### ASSIGNED TASK
For the records below, please print exactly and only the lines from the one with "Dans ce projet" down to the one with "Tonaton Baskılı Uzun", both ends included, omitting the pictures.

### AVAILABLE DATA
·····

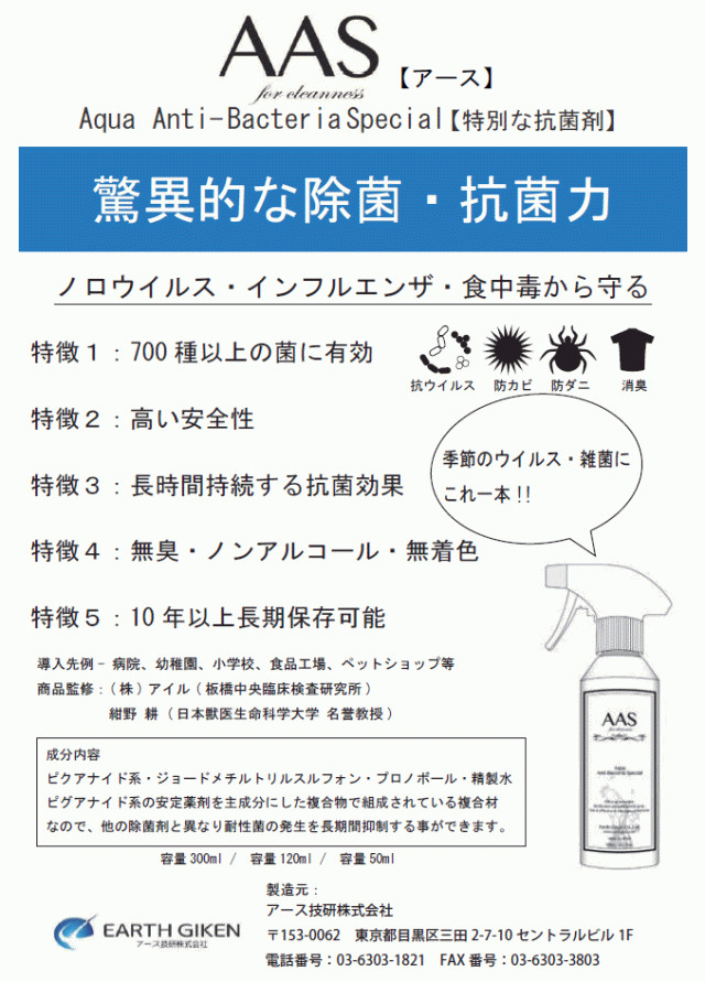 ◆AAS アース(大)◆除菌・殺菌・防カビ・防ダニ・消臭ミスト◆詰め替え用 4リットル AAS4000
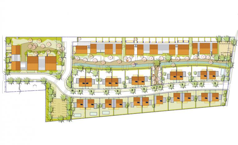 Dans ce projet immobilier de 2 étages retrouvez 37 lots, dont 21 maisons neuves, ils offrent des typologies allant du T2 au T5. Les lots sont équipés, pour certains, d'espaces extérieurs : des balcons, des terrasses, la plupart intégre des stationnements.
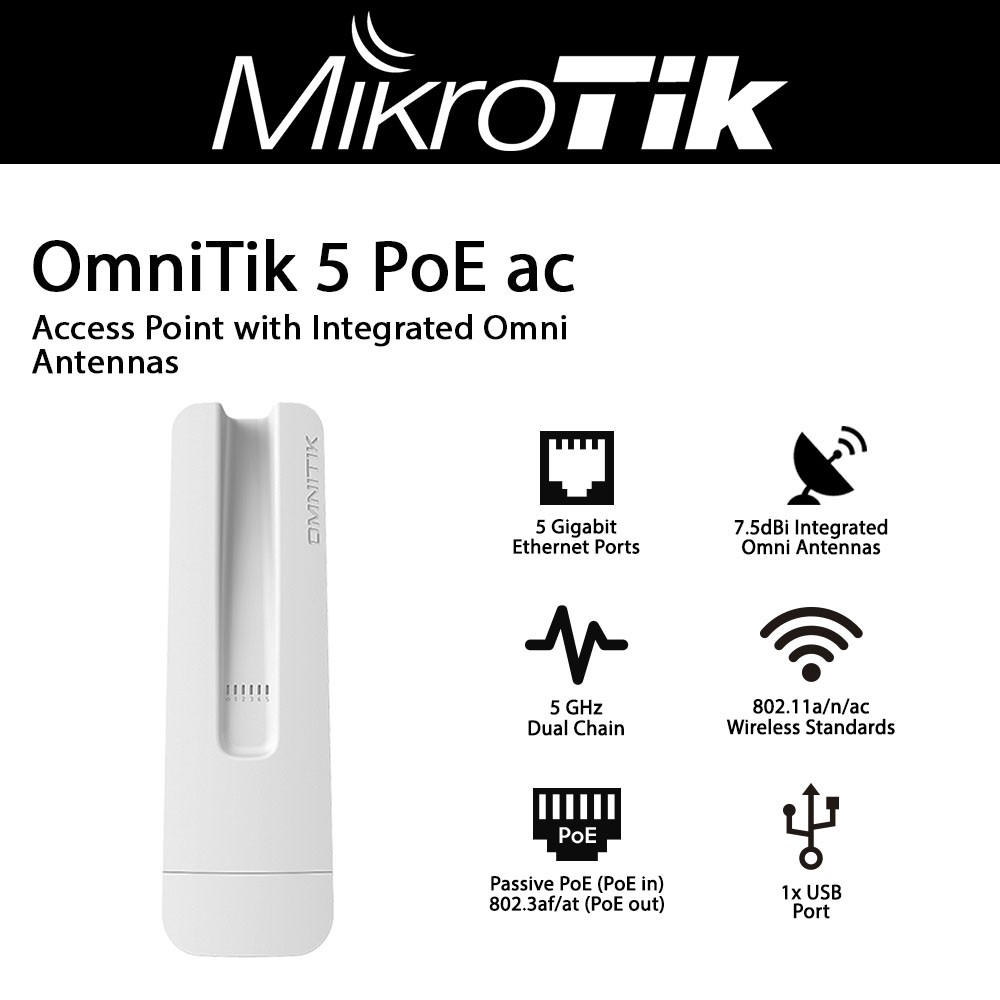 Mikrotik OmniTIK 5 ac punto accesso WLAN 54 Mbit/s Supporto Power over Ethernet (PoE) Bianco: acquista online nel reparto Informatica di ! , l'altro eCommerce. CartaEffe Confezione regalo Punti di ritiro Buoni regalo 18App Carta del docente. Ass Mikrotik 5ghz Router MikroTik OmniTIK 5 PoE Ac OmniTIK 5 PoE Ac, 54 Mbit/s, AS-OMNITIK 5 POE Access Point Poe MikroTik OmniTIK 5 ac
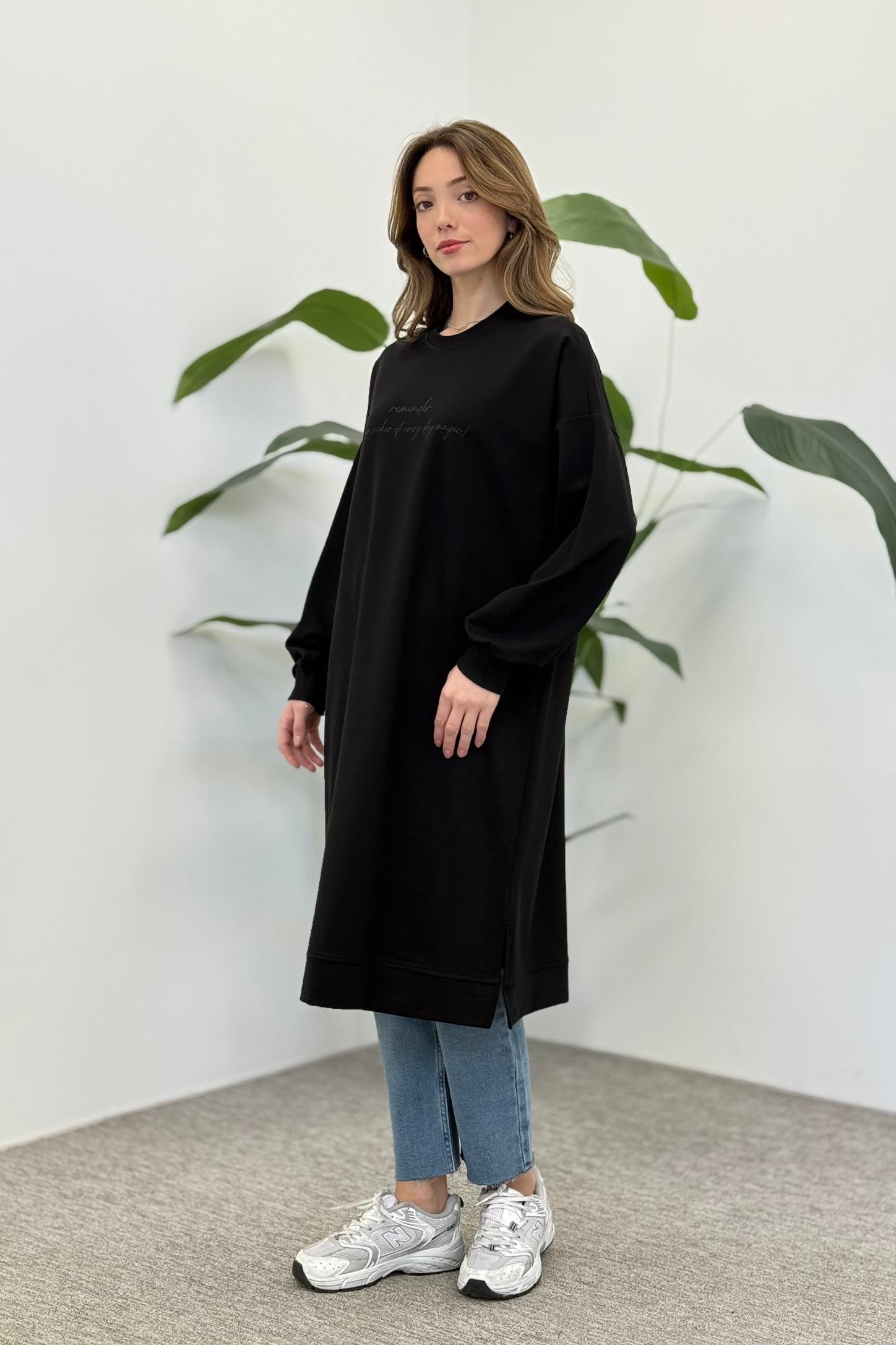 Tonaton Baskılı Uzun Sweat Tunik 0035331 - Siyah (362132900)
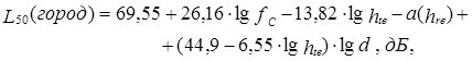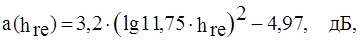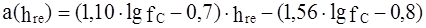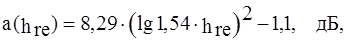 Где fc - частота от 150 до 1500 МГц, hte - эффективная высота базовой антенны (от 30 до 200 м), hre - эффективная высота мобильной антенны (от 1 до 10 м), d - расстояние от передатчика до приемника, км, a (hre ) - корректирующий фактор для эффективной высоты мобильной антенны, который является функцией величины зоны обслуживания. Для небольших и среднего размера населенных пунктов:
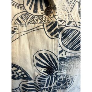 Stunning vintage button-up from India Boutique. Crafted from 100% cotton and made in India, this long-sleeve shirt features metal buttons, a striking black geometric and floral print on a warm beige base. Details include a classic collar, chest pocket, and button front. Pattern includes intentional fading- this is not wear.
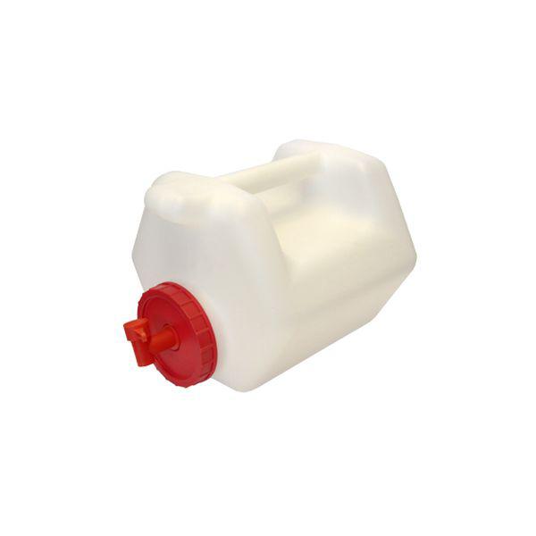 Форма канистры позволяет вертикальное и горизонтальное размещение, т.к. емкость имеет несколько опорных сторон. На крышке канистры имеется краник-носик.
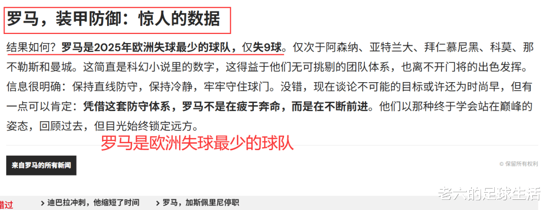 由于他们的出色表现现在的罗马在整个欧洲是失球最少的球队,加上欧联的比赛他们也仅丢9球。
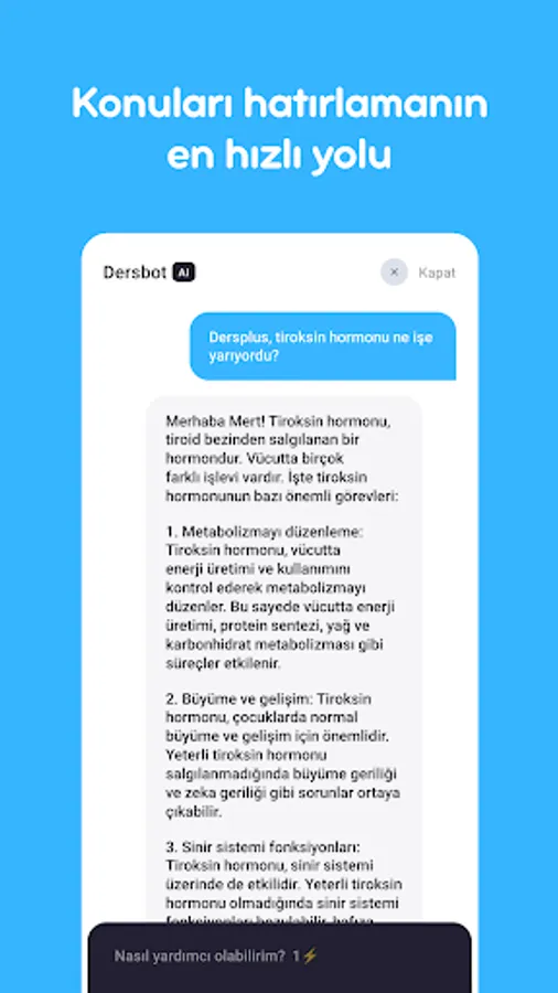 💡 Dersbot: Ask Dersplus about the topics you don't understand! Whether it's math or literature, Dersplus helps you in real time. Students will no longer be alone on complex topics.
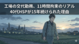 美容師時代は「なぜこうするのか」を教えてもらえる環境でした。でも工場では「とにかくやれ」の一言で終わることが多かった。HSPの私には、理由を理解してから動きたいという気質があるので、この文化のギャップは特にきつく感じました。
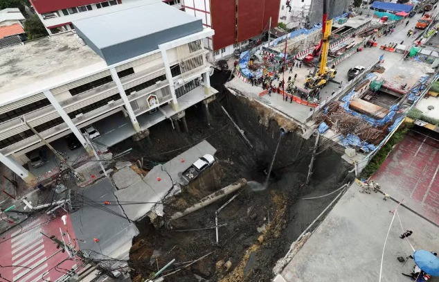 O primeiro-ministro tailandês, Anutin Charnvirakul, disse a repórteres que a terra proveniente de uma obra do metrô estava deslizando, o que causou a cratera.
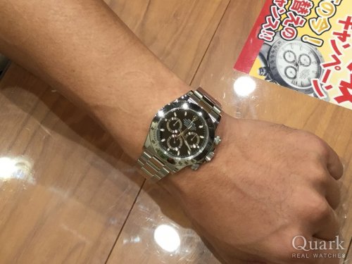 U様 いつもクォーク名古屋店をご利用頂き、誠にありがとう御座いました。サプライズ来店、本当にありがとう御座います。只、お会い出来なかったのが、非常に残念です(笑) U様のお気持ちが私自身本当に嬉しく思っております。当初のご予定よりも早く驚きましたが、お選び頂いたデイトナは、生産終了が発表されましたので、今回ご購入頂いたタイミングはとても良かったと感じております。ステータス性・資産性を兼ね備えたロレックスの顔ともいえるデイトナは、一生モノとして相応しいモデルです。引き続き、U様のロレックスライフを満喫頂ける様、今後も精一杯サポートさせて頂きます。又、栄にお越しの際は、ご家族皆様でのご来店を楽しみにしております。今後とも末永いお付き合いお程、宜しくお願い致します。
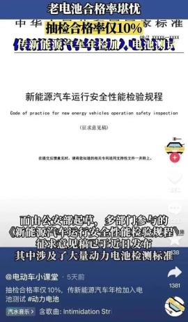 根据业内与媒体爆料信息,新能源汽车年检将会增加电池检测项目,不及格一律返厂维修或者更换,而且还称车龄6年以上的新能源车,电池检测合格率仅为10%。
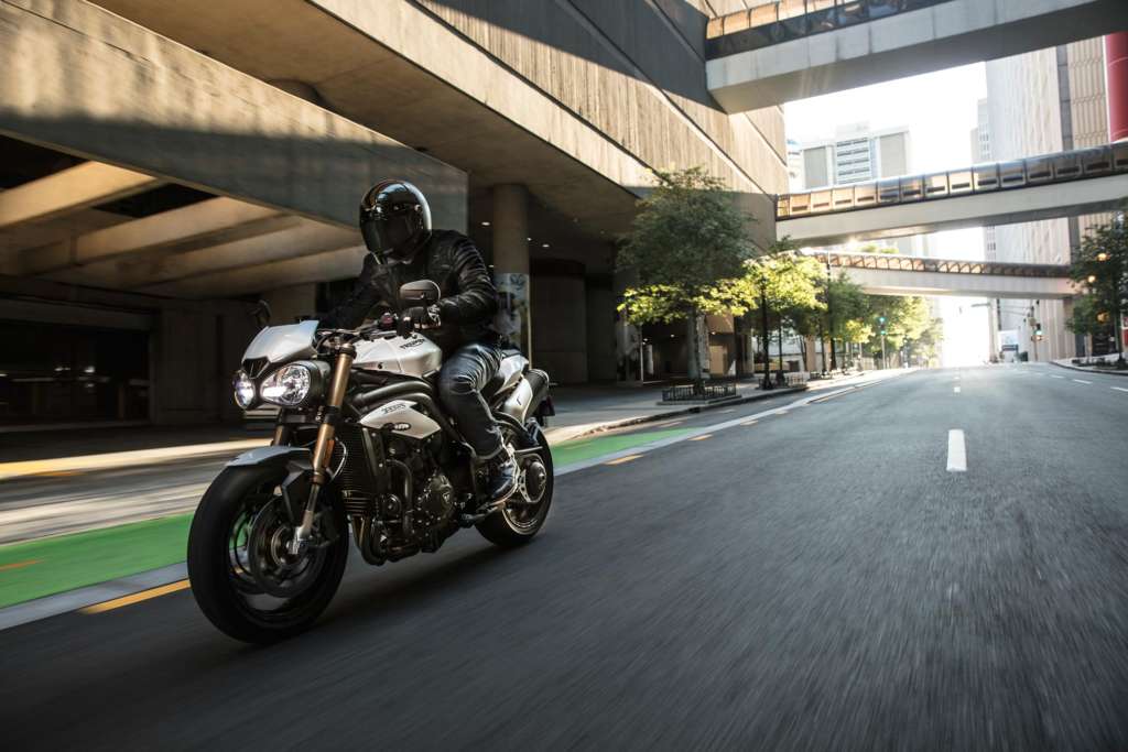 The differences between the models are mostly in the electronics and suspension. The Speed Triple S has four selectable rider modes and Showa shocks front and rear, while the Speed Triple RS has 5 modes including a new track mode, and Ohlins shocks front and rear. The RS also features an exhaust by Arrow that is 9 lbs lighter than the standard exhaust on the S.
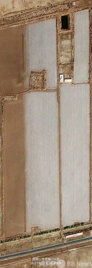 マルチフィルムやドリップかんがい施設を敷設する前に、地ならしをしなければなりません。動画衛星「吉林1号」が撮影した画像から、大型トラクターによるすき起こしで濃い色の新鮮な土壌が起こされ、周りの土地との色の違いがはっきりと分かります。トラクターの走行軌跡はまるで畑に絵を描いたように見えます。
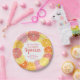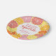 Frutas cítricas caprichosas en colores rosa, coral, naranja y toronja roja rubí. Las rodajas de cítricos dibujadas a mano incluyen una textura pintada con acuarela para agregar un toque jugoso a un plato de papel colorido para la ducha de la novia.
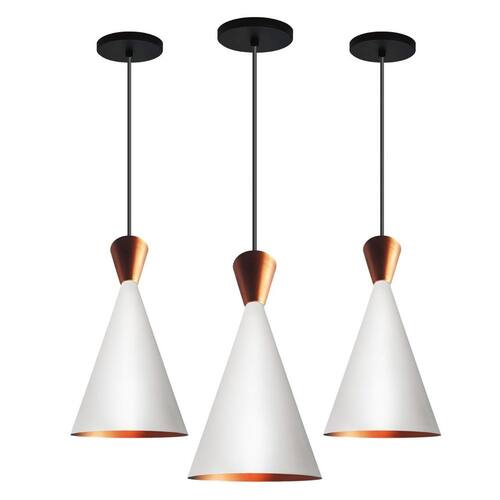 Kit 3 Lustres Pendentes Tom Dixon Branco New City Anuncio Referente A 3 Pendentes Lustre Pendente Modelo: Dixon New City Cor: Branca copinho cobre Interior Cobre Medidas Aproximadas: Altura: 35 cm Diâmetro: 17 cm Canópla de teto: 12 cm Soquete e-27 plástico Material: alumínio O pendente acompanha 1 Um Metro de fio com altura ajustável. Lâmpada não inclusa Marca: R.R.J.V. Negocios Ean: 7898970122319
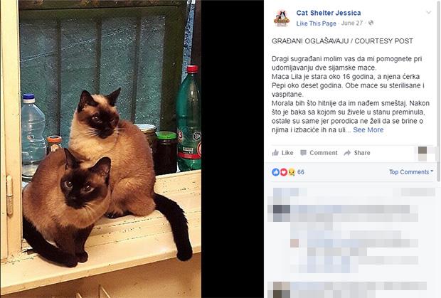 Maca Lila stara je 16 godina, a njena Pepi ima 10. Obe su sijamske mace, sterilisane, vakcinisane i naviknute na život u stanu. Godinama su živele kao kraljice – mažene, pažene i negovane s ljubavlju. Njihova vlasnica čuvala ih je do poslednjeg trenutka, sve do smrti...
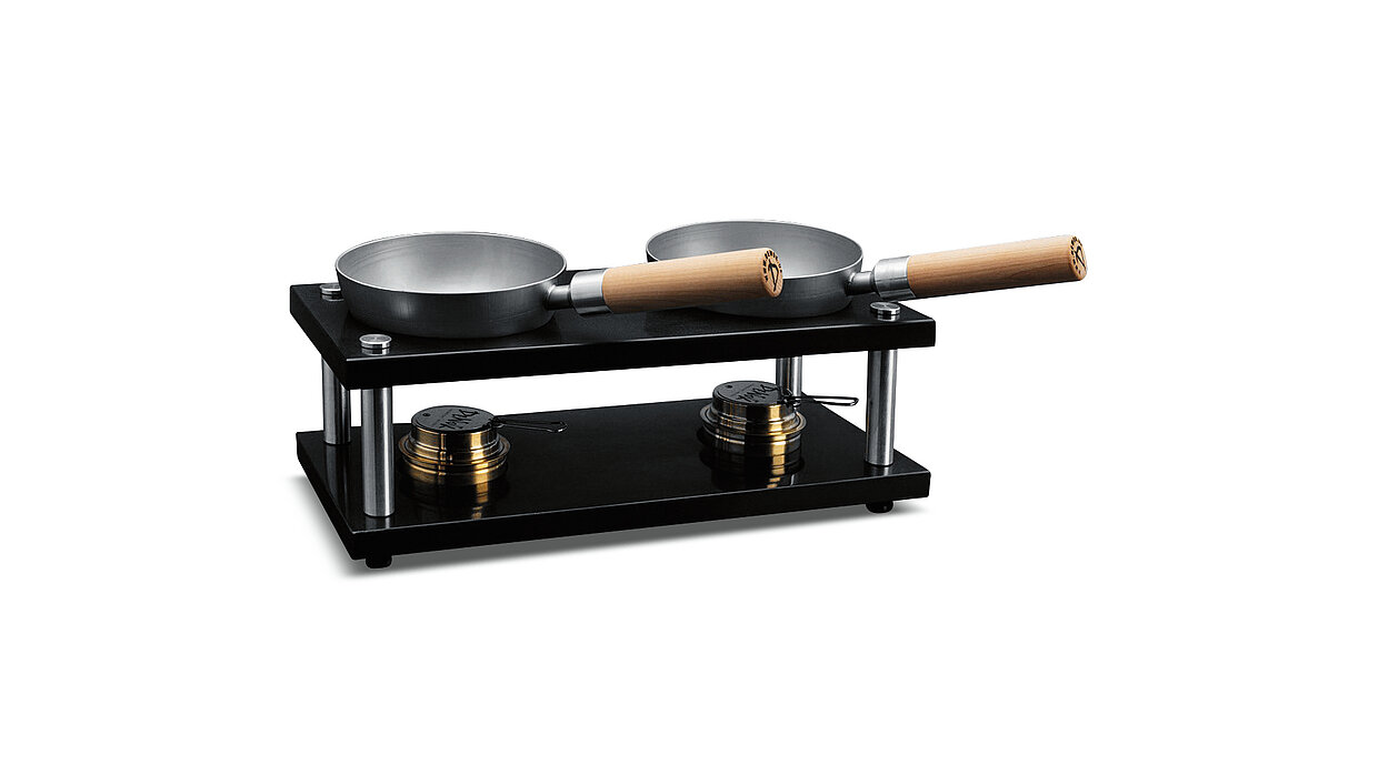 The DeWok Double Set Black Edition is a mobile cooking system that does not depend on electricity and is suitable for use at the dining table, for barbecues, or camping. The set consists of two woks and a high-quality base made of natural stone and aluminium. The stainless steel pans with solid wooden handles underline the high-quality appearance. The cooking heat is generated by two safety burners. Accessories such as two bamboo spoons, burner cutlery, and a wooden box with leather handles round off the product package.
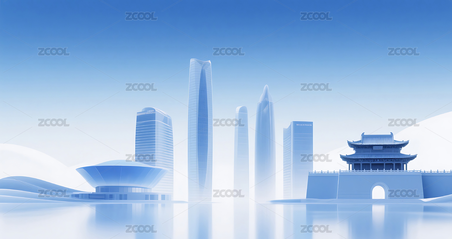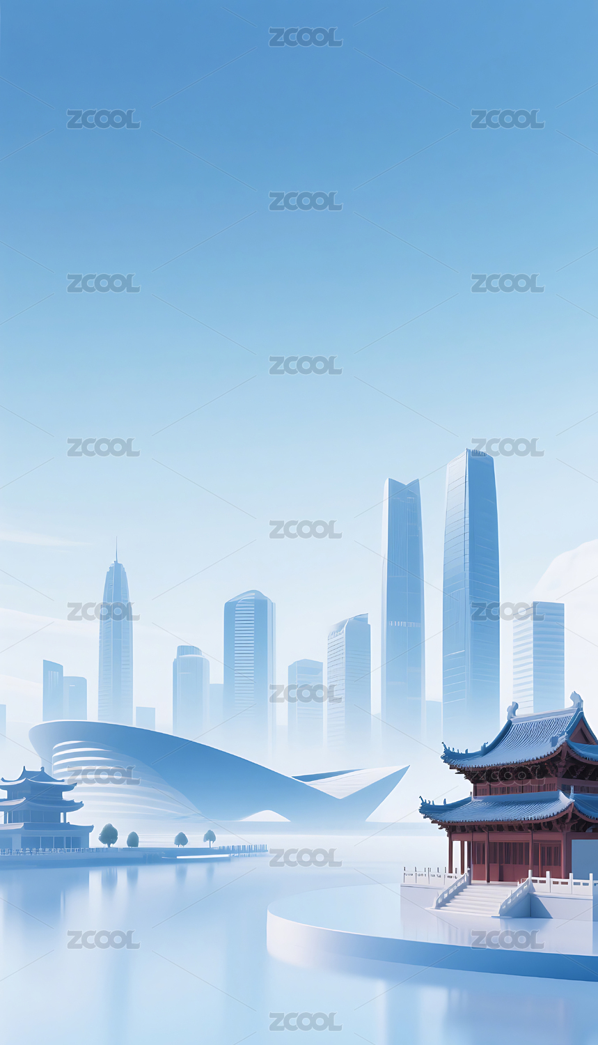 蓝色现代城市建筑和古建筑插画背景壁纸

·····

### SOLUTION FOR THIS TASK
 Dans ce projet immobilier de 2 étages retrouvez 37 lots, dont 21 maisons neuves, ils offrent des typologies allant du T2 au T5. Les lots sont équipés, pour certains, d'espaces extérieurs : des balcons, des terrasses, la plupart intégre des stationnements.
 Mikrotik OmniTIK 5 ac punto accesso WLAN 54 Mbit/s Supporto Power over Ethernet (PoE) Bianco: acquista online nel reparto Informatica di ! , l'altro eCommerce. CartaEffe Confezione regalo Punti di ritiro Buoni regalo 18App Carta del docente. Ass Mikrotik 5ghz Router MikroTik OmniTIK 5 PoE Ac OmniTIK 5 PoE Ac, 54 Mbit/s, AS-OMNITIK 5 POE Access Point Poe MikroTik OmniTIK 5 ac
 Tonaton Baskılı Uzun Sweat Tunik 0035331 - Siyah (362132900)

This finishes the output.